What is required: Take the line that contains "Get rid of flimsy" and every line below it to the end of the entries, and give them again exactly, leaving out any pictures.

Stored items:

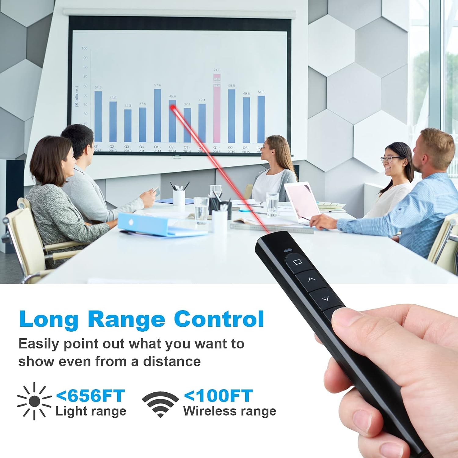- [100 FT Long Control Range] UBUYONE Wireless Presenter remote is equipped with top-grade microchip to ensure a real 100M/328FT long control distance, Red light range: 200M/656FT. Power point presentation clickers produces a bright red light that's easy to see against most background.
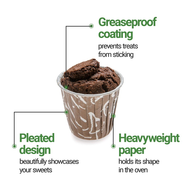 Get rid of flimsy muffin cups and boring paper baking cups! Make sure your delectable desserts and freshly baked treats are absolutely irresistible with these pleated paper baking cups -- covered in a tantalizing chocolate brown and white swirled print. From our bestselling Panificio collection, these tall cupcake cups are ideal for easily baking and serving beautiful red velvet cupcakes, blueberry muffins, chocolate souffles, and more. Their reinforced rolled rim expertly holds its shape in temperatures up to 425 degrees, while their grease-resistant lining skillfully repels unsightly grease stains from oily batters and buttery frostings. Measuring 2.8 inches tall with a 3 inch diameter, these tall cupcake cups can hold up to 3.5 ounces of your favorite batter or dough. Available in 200 count boxes.
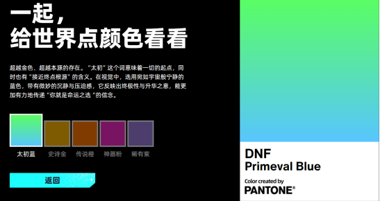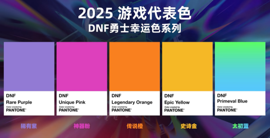 DNF與色彩研究機構 Pantone 聯合推出“深淵五色”專屬色卡,Pantone更是將其定義為“2025年遊戲代表色”。
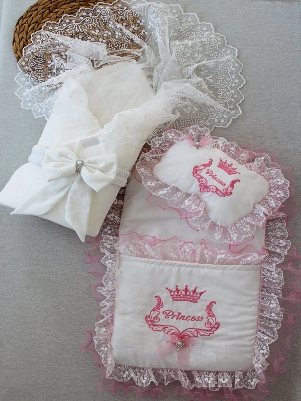 Yenidoğan Nil Taç Nakışlı Kundaklı Trilüks 3lü Alt Açma Seti
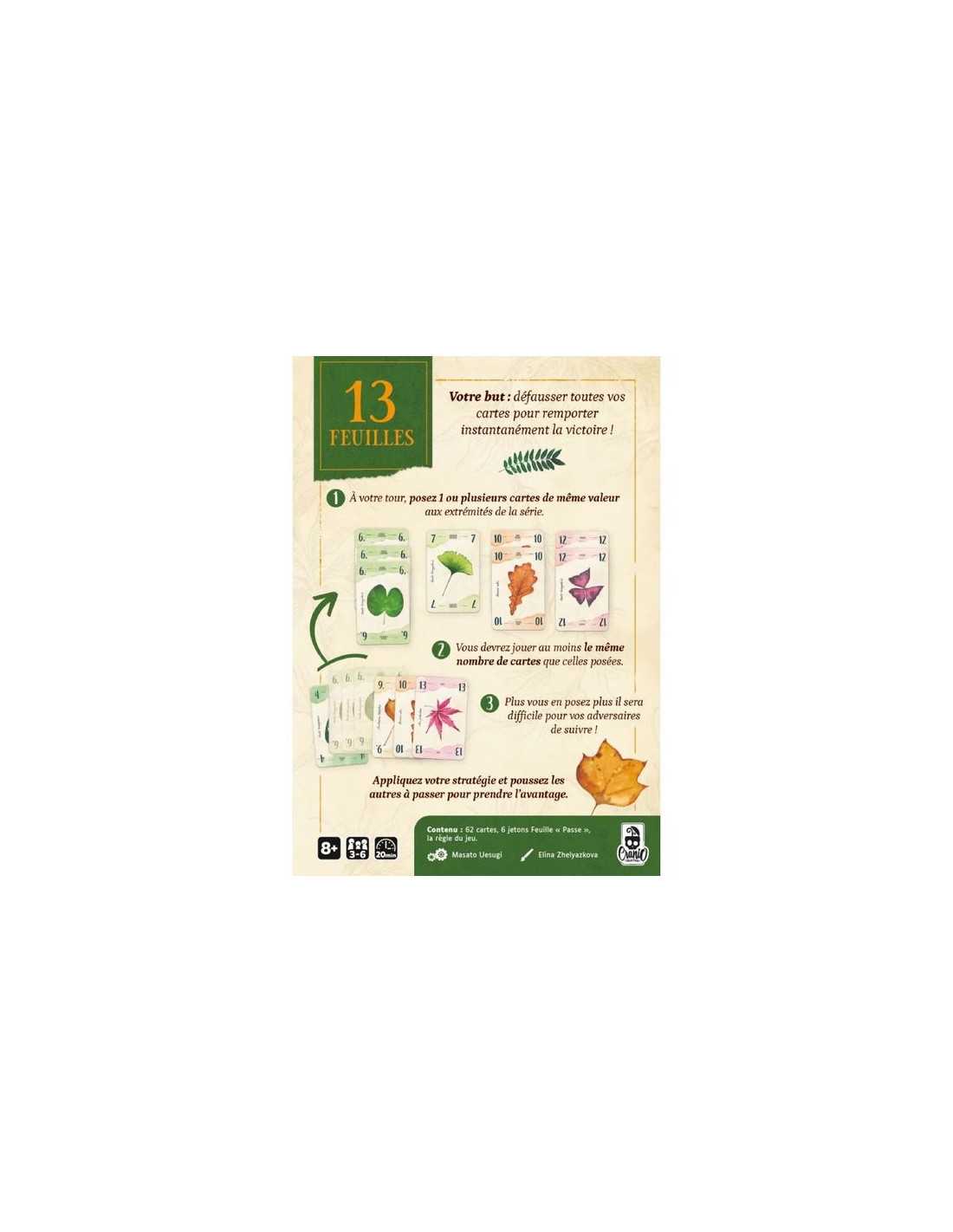 Découvrez le jeu 13 feuilles de Gigamic, un jeu de cartes accessible aux interactions fortes et plein de rebondissements pour jouer à partir de 3 joueurs dès 8 ans.

Task answer:
 Get rid of flimsy muffin cups and boring paper baking cups! Make sure your delectable desserts and freshly baked treats are absolutely irresistible with these pleated paper baking cups -- covered in a tantalizing chocolate brown and white swirled print. From our bestselling Panificio collection, these tall cupcake cups are ideal for easily baking and serving beautiful red velvet cupcakes, blueberry muffins, chocolate souffles, and more. Their reinforced rolled rim expertly holds its shape in temperatures up to 425 degrees, while their grease-resistant lining skillfully repels unsightly grease stains from oily batters and buttery frostings. Measuring 2.8 inches tall with a 3 inch diameter, these tall cupcake cups can hold up to 3.5 ounces of your favorite batter or dough. Available in 200 count boxes.
 DNF與色彩研究機構 Pantone 聯合推出“深淵五色”專屬色卡,Pantone更是將其定義為“2025年遊戲代表色”。
 Yenidoğan Nil Taç Nakışlı Kundaklı Trilüks 3lü Alt Açma Seti
 Découvrez le jeu 13 feuilles de Gigamic, un jeu de cartes accessible aux interactions fortes et plein de rebondissements pour jouer à partir de 3 joueurs dès 8 ans.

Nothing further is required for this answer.